• Goal of the exercise
Given the records below, the lines starting at the line with "Người này nói" and ending at the line with "Recorre el mapa" should be output exactly, both end lines kept and pictures left out.

___ Task input

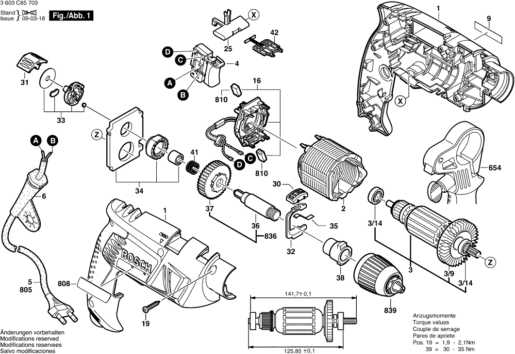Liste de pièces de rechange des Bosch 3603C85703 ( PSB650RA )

______
___ Task input

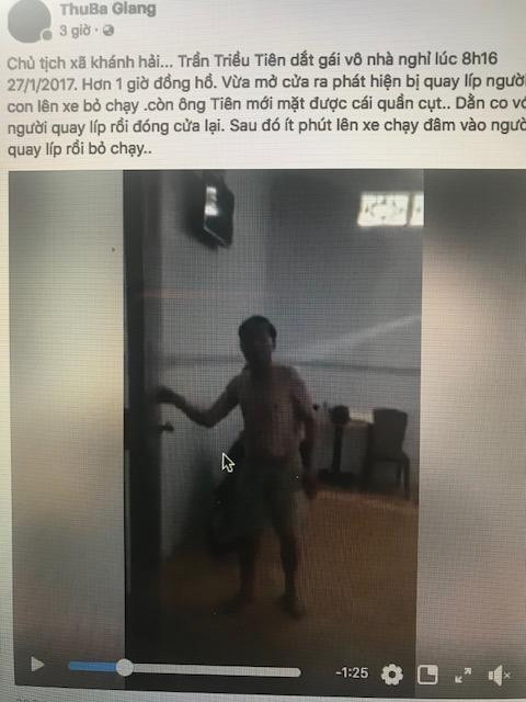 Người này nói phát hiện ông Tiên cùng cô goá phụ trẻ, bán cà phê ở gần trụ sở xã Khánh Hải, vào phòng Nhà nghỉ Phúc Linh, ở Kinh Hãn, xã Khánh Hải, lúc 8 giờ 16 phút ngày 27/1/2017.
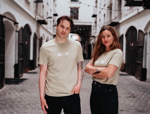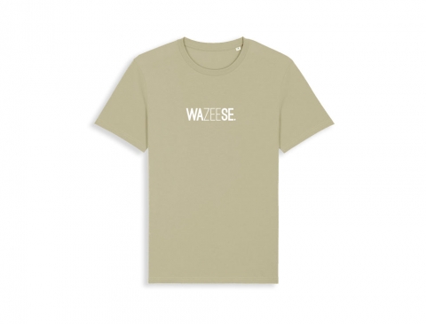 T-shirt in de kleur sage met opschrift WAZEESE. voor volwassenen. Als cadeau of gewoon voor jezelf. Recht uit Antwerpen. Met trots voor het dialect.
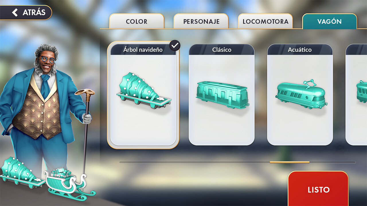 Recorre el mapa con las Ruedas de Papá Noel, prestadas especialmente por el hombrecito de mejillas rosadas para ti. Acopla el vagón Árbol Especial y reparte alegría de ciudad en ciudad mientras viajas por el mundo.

______

• Solution to this exercise
 Người này nói phát hiện ông Tiên cùng cô goá phụ trẻ, bán cà phê ở gần trụ sở xã Khánh Hải, vào phòng Nhà nghỉ Phúc Linh, ở Kinh Hãn, xã Khánh Hải, lúc 8 giờ 16 phút ngày 27/1/2017.
 T-shirt in de kleur sage met opschrift WAZEESE. voor volwassenen. Als cadeau of gewoon voor jezelf. Recht uit Antwerpen. Met trots voor het dialect.
 Recorre el mapa con las Ruedas de Papá Noel, prestadas especialmente por el hombrecito de mejillas rosadas para ti. Acopla el vagón Árbol Especial y reparte alegría de ciudad en ciudad mientras viajas por el mundo.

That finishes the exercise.